When tendon problems occur, aside from making sure the tendon itself is healthy and healing properly, one of the most important parts of treatment is assessing an athlete's current training programme. We want to make sure that accessory work isn't only focusing on general strength and mobility but is preparing the body for that athlete's specific performance needs.

Is there an easy way to distinguish between good pain and bad pain?

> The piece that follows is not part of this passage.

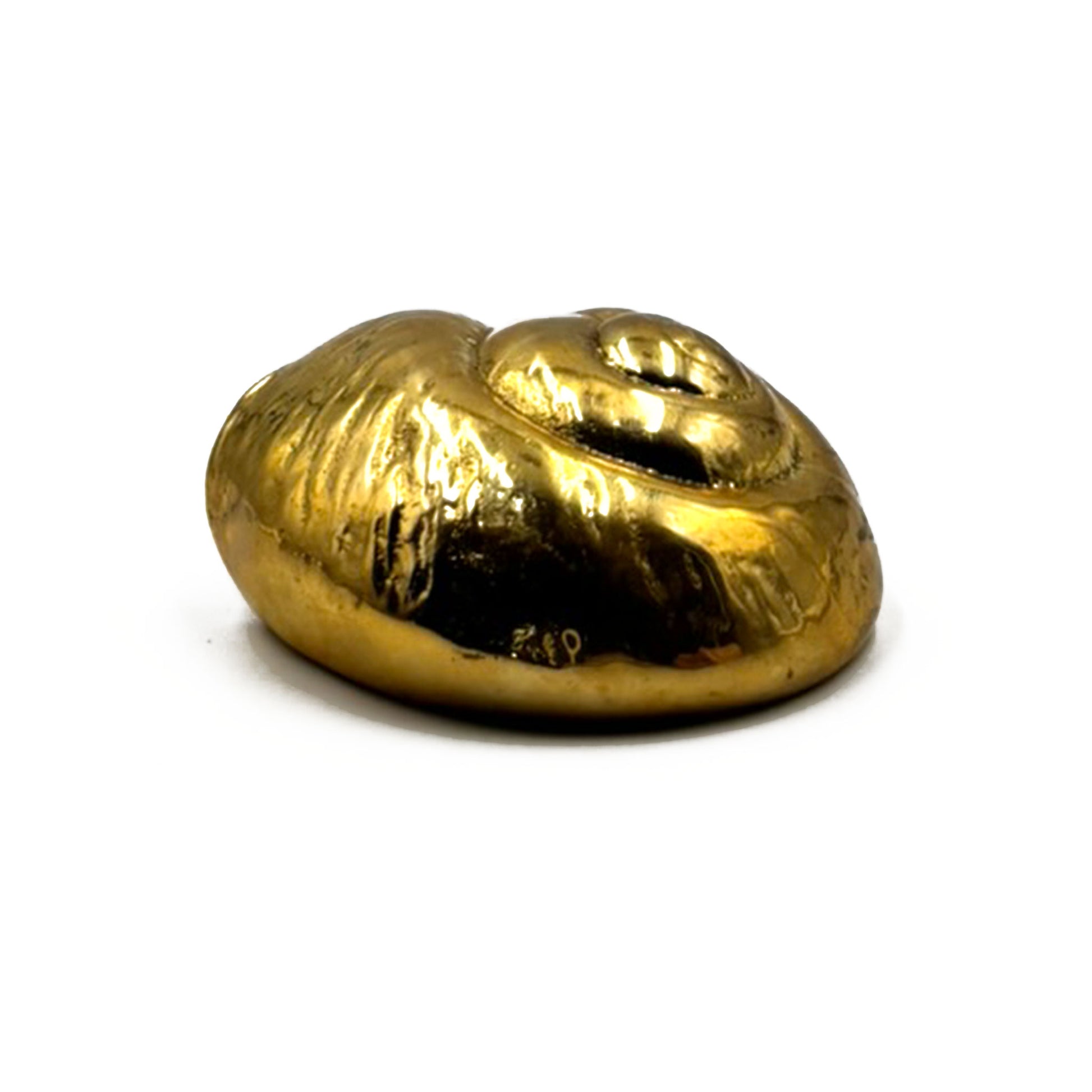 The Shell cup pull handle resembles a snail shell. The 100% recycled brass object was carved by hand and made using traditional casting technology and is perfectly suited for coastal/beach and avant-garde interiors. Artistic by nature, this piece will be a standout on both drawers, cabinets and furniture. Perfect as a unique conversation piece in a bar or powder room.

Unfortunately, the short answer is no. If we're talking about the type of pain a healthy athlete might experience during a hard session, specifically muscular stress and fatigue, then context and judgment are the best indicators of the nature of that pain. Knowing and respecting your capabilities, for example: how much cardiovascular and resistance training demand your body can cope with, is the best way to make an informed decision about whether you should stop or keep pushing through.

When pain is associated an injury or illness, things get a bit more complicated. We know from scientific research that pain is a perception rather than a sensation. This means that pain is not only the result of a physical structure being damaged; instead, it's a complex puzzle pieced together by the nervous system, using information from the body's sensations, memories and expectations. This process is such a fast, automated reaction that we are only aware of the final product: pain.

Assessing which factors are influencing pain is essential for the effective management and treatment of sports injuries. It is also important to remember that pain isn't only a symptom. If pain persists for a long period of time, it can become the problem itself. We call this process sensitisation, and this is associated with a lower threshold for pain. This is why it's always better to take charge of your recovery sooner rather than later - it's a lot easier to prevent further injury than it is to undo months of damage!